At reading the problem I thought it needed to be a lossless compression algorithm to generate a unique id.

The most basic compression is run length encoding on the bits that make the url. Or a dictionary compression on bit patterns such as Lempel, Ziv, Welch compression AKA LZW or LZ compression. However there is some storage overhead and for short URLs you will have trouble getting a smaller url than the original.

##Random id?

Your solution stores the original url mapped to a random index. There is no need for a compression or even a hash as all you need is a unique id per URL.

To generate an unique id you need only the number line. JS Number can generate 9e15 unique ids, that's a new id every millisecond for the next quarter million years (twice that if you include negatives).

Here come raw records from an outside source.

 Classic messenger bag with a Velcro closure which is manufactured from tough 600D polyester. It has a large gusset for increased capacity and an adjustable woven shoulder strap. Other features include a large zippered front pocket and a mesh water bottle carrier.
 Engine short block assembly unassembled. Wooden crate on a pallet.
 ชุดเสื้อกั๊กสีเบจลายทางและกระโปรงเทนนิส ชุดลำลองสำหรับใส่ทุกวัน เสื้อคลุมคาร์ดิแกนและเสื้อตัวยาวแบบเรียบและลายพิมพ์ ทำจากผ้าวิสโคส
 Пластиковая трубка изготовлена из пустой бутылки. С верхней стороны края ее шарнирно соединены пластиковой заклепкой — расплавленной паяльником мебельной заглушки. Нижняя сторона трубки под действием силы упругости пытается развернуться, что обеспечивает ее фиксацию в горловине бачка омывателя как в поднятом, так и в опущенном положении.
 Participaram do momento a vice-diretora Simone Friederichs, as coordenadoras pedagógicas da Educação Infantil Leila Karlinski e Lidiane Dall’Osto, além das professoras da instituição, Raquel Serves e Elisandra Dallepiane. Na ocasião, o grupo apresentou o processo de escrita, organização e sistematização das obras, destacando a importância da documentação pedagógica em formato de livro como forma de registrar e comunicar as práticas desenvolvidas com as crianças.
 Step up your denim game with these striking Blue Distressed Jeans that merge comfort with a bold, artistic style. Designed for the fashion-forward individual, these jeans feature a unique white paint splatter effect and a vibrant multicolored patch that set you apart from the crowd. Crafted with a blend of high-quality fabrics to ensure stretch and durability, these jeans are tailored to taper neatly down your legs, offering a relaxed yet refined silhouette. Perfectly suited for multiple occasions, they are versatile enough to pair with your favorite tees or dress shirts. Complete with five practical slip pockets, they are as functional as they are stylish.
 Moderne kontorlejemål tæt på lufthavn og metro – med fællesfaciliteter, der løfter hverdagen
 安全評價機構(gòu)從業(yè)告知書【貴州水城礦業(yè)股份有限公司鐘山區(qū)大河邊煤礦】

You can also compress the id by converting the id to base 36 (the max base for Number.toString(radix)) thus the longest encoding is "2gosa7pa2gv" and the shortest is "0" and you need store only one 64bit double for the short url.

See Example

##Bug?

Your function returns a different short url for the same long url.

##Example

  • Simple index encoding, there is room for lots of optimization in storage.

  • Produces safe urls using only a-z0-9 to encode.

  • There is a limit as it does rely on the hashing function (Chance of a clash) of the JS engine.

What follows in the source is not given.